U.S. spy agencies, through In-Q-Tel, have invested in a number of firms to help them better find that information. Visible Technologies crawls over half a million web 2.0 sites a day, scraping more than a million posts and conversations taking place on blogs, YouTube, Twitter and Amazon. Attensity applies the rules of grammar to the so-called “unstructured text” of the web to make it more easily digestible by government databases. Keyhole (now Google Earth) is a staple of the targeting cells in military-intelligence units. [Wired]
Many practices used to snare bad guys unfortunately could also be used by the government for nefarious purposes by the government; and without rigorous oversight, it’s practically guaranteed based on past secretive domestic surveillance programs.

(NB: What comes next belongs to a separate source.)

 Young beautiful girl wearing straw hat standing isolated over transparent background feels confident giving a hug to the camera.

Greenberg also describes how Uber and US intelligence agencies leaned on Adrian Lamo to target Bradley Manning and Wikileaks. He reveals that Lamo later regretted his decision to inform on Manning. Adrian Lamo, it turns out, was a Project Vigilant “volunteer.” Greenwald directs our attention to this videotaped interview of Adrian Lamo, whose speech is extremely slow and slurred as he provides a somewhat different story.
Implications
Every breath you take
Every move you make
Every bond you break
Every step you take
I’ll be watching you.- The Police
It is reasonable for government agencies to monitor the internet for “trends” that could improve their ability to interdict threats to the nation. It is also reasonable to monitor the internet to intercept hackers trying to disrupt critical systems. But, conducting these activities off-campus creates enormous potential for abuse, as this excerpt from an ACLU report (courtesy of Greewald) explains.

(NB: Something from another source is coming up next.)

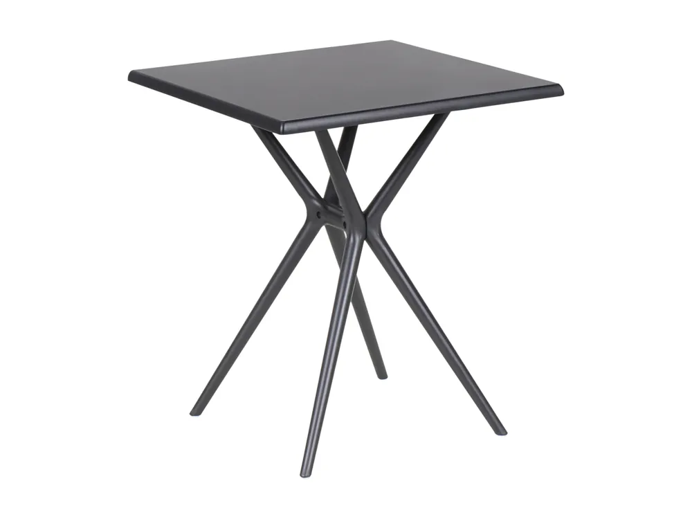 Minimalistische tafel voor buiten. Maak je buitenruimte mooier met deze minimalistische tuintafel in een klassieke zwarte afwerking. Hij is gemaakt van duurzaam kunststof en is zowel weerbestendig als licht van gewicht. Hierdoor is hij gemakkelijk te verplaatsen en te gebruiken, of het nu regent of zonnig is. Het strakke ontwerp voegt een modern tintje toe aan elke buitenruimte.Details: Producttype: Tuintafel. Stijl: Scandinavisch. Kleur: Zwart. Soort materiaal: Kunststof. Hoofdmateriaal: Synthetisch materiaal. Overig materiaal: Glasvezel. Material poten: Kunststof. Materiaal bovenkant: Kunststof. Vorm: Vierkant. Afwerking: Mat. Aantal zitplekken: 4 personen. Afmetingen: Breedte: 70 cm. Lengte: 70 cm. Hoogte: 77 cm. Gewicht: 8 kg. Draagvermogen: 100 kg. Aanbod omvat: 1 x Tafel. Belangrijkste eigenschappen: Minimalistisch, Scandinavische stijl, Past bij vele interieurstijlen, Hoogwaardig materiaal, Stabiele en duurzame constructie, Weersbestendig materiaal. Montageinformatie: Gedeeltelijke montage vereist.5-15 min.. Tekst weerstand: Het product is gemaakt van UV-bestendige materialen, zodat hij buiten gebruikt kan worden zonder dat de kleur vergaat. Weerstand: UV-bestendig. Onderhoudstips: Synthetisch materiaal. 1.Maak schoon met een mild schoonmaakmiddel op zeepbasis en een zachte doek., 2.Houd uit de buurt van warmtebronnen, zoals de barbecue of vuurkorf, aangezien vonken het meubelstuk kunnen beschadigen. Leg daarom ook geen hete gebruiksvoorwerpen, zoals hete barbecuetangen, op het oppervlak., 3.Het materiaal is bestand tegen gemiddelde weersomstandigheden. Maak buiten het seizoen gebruik van een beschermhoes of bewaar de meubels op een koele, droge plek.

The use of private-sector data aggregators allows the government to insulate surveillance and information-handling practices from privacy laws or public scrutiny. That is sometimes an important motivation in outsourced surveillance. Private companies are free not only from complying with the Privacy Act, but from other checks and balances, such as the Freedom of Information Act. They are also insulated from oversight by Congress and are not subject to civil-service laws designed to ensure that government policymakers are not influenced by partisan politics. . . .
The government’s ability to add value to corporate information via other data collected by the NSA turns even benign information into a powerful weapon – for good or evil. ”While advertisers really only care about your online profile (IP address) in order to assess what you do and who you are, the Government wants your online activities linked to your actual name and other identifying information,” writes Greenwald. Where operations are kept secret, there is no oversight, there is no means to dispute the accuracy of records, no limitation on how long the records can be kept, no control over their use.

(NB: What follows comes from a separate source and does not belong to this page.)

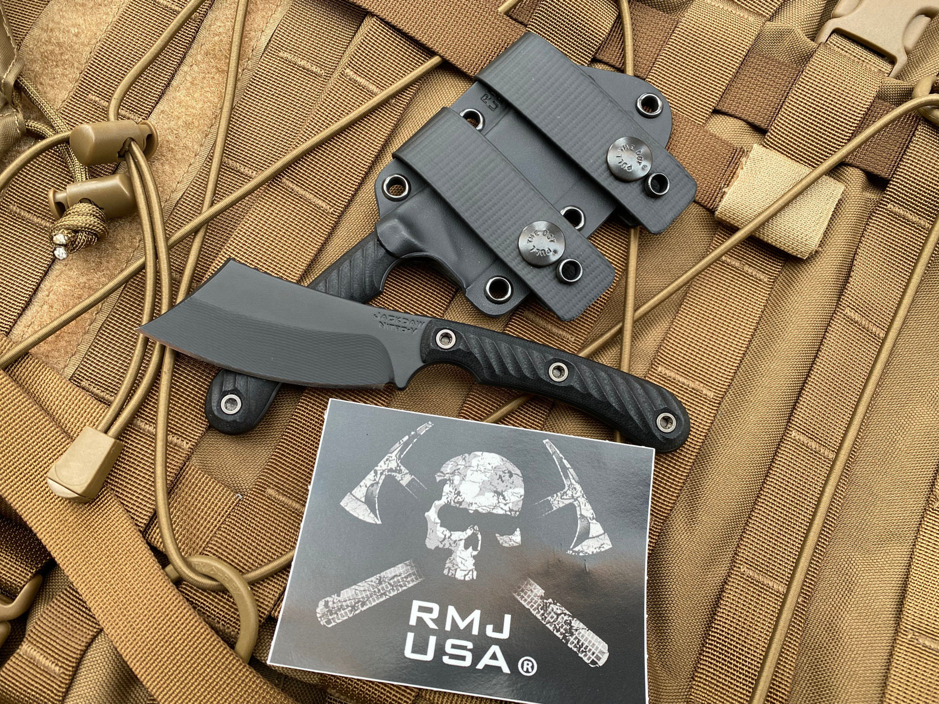The Jackdaw is a cleaver style EDC blade that's right at home in the woods or an urban environment. The blade has a black Cerakote finish for corrosion and glare resistance. The beveled and contoured G10 grips feature diagonal texturing for a not too aggressive, but still secure grip. The Jackdaw comes with a molded kydex scabbard with two MAD straps that allow for scout-style carry (horizontal) and inside the waistband (IWB) vertical carry. It is also MOLLE compatible and can be set up to attach to PALS webbing on any pack, plate carrier, or similarly equipped gear

This powers accumulating in government/corporate hands could be used one day to disrupt the election process, conduct political witch hunts, coerce elected officials, and much more. Equally bad, in an world where retaliation is possible for even the smallest deviations from the mainstream, individuals will self-censor themselves, becoming “a class of meek citizens who know they are being constantly watched.” Then, who will be willing to speak up to prevent the next catastrophe?
Email Deep Harm: deep_harm AT yahoo.com
See Obama administration wants more warrantless surveillance of Americans, Daily Kos on Evans Liberal Politics, July 30, 2010, by Joan McCarter. News on privacy, the internet and warrentless surveilance.
See DOJ Pushing to Expand Warrantless Access to Internet Records, Electronic Frontier Foundation, July 29, 2010, by Tim Jones.
Read this collection of resources on the Foreign Intelligence Surveillance Act.
Read the Wikipedia article on the NSA electronic surveillance program.
Watch NSA spyroom at AT&T exposed, MSNBC video on YouTube — 5:11.
Read Ron Paul on “More Secrets, More Surveillance, Less Security”, Eurasia Review, July 30, 2010, by Ron Paul.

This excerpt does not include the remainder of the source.